**WHAT YOU ARE ASKED TO DO**
Omit the pictures and return exactly the stretch of the material below from the line with "日前,有相关员工在社交媒体透" through the line with "I was involved".

**DATASET RECORDS**

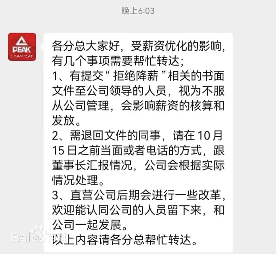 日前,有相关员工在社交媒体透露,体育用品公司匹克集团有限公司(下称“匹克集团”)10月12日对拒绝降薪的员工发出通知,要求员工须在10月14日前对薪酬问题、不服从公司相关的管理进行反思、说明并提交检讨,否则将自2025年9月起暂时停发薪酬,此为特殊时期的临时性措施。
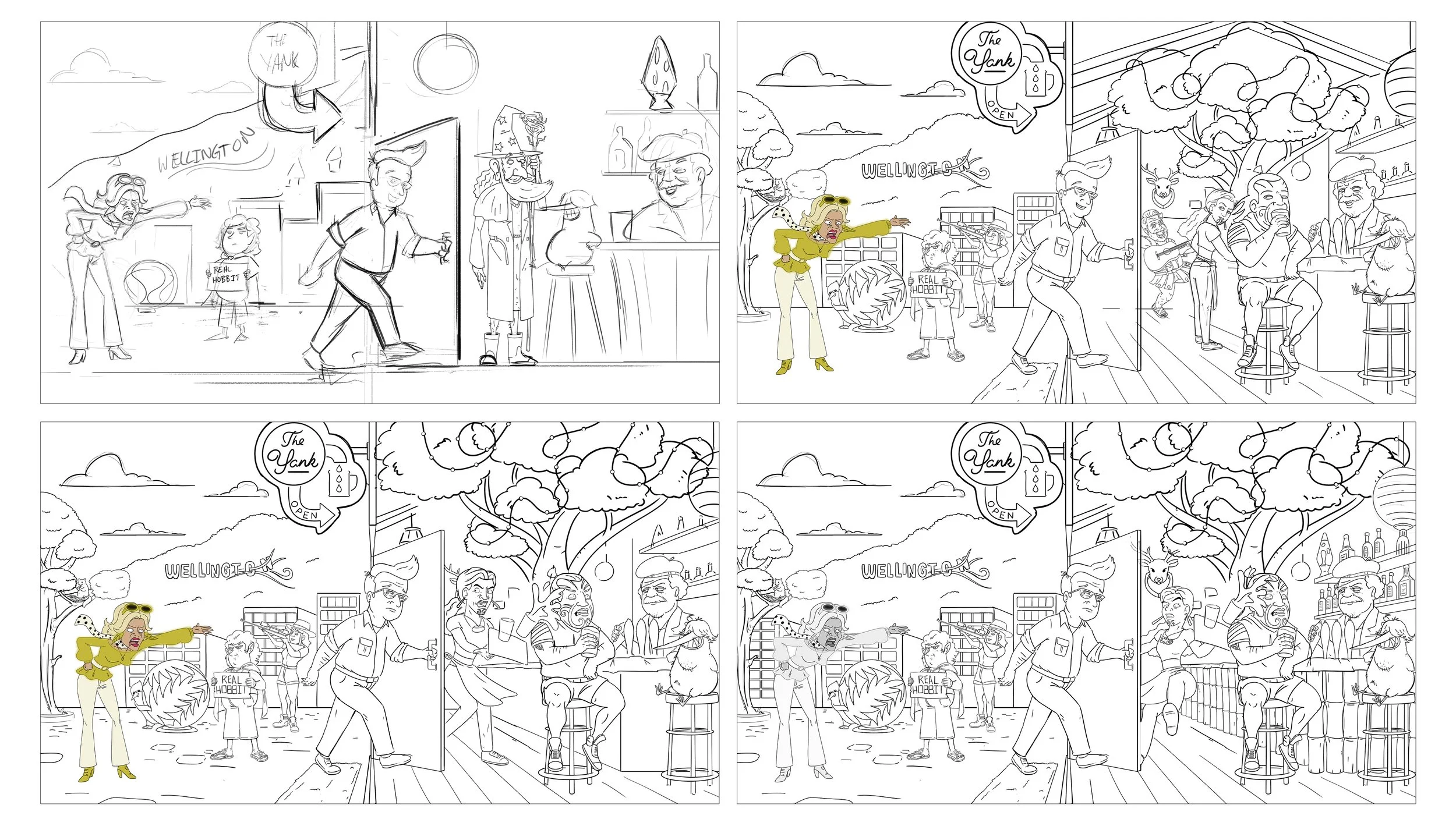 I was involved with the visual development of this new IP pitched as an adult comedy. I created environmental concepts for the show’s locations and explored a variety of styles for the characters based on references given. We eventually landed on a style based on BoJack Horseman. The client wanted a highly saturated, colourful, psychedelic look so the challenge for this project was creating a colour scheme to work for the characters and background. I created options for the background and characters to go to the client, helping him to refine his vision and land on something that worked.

---

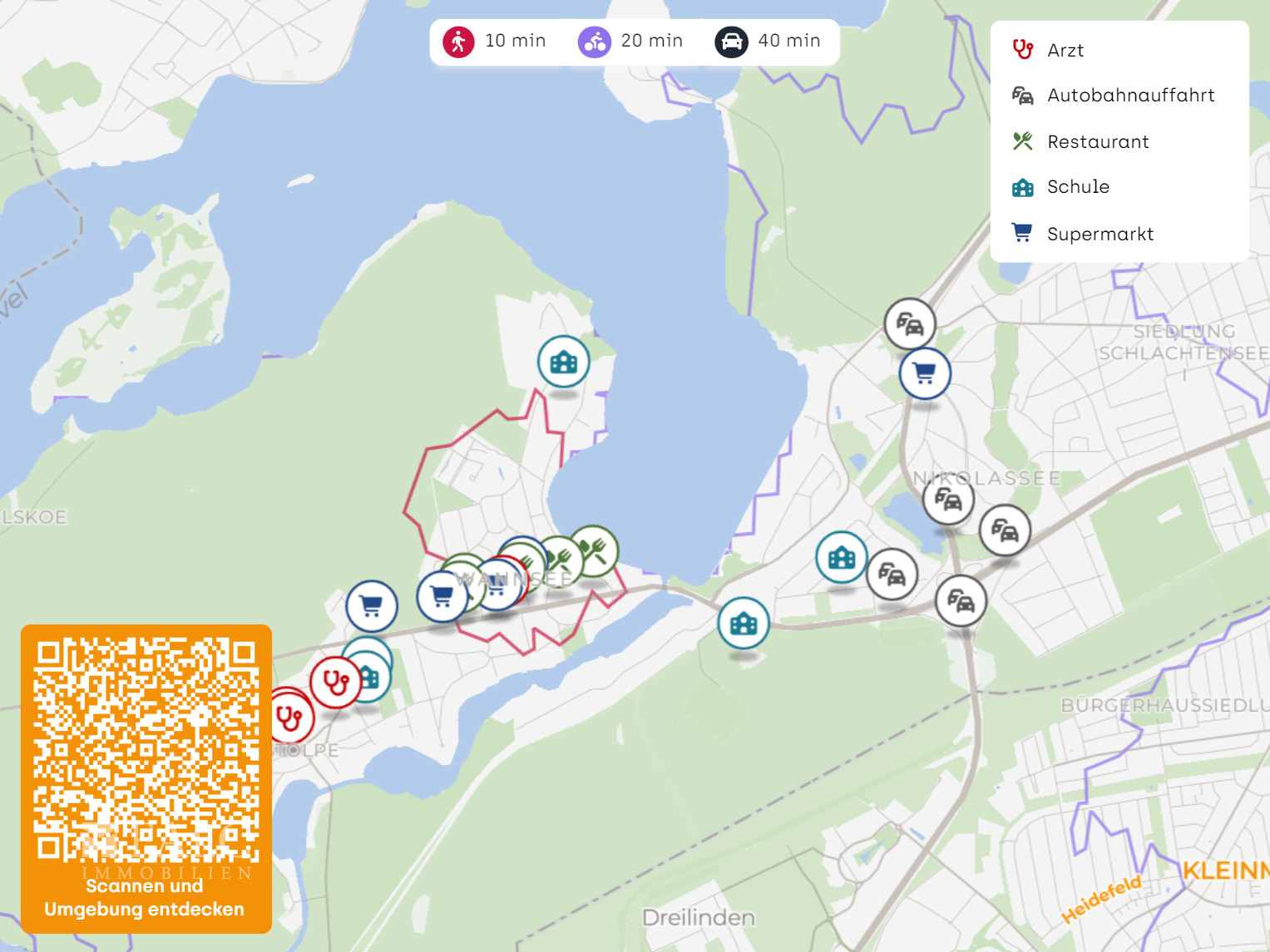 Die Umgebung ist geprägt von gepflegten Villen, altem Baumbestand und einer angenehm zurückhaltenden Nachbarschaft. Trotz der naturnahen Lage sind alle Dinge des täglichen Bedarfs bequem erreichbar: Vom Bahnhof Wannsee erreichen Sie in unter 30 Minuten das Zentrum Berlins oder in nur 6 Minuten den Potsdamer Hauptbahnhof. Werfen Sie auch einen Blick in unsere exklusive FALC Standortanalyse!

**ANSWER SPACE**
 日前,有相关员工在社交媒体透露,体育用品公司匹克集团有限公司(下称“匹克集团”)10月12日对拒绝降薪的员工发出通知,要求员工须在10月14日前对薪酬问题、不服从公司相关的管理进行反思、说明并提交检讨,否则将自2025年9月起暂时停发薪酬,此为特殊时期的临时性措施。
 I was involved with the visual development of this new IP pitched as an adult comedy. I created environmental concepts for the show’s locations and explored a variety of styles for the characters based on references given. We eventually landed on a style based on BoJack Horseman. The client wanted a highly saturated, colourful, psychedelic look so the challenge for this project was creating a colour scheme to work for the characters and background. I created options for the background and characters to go to the client, helping him to refine his vision and land on something that worked.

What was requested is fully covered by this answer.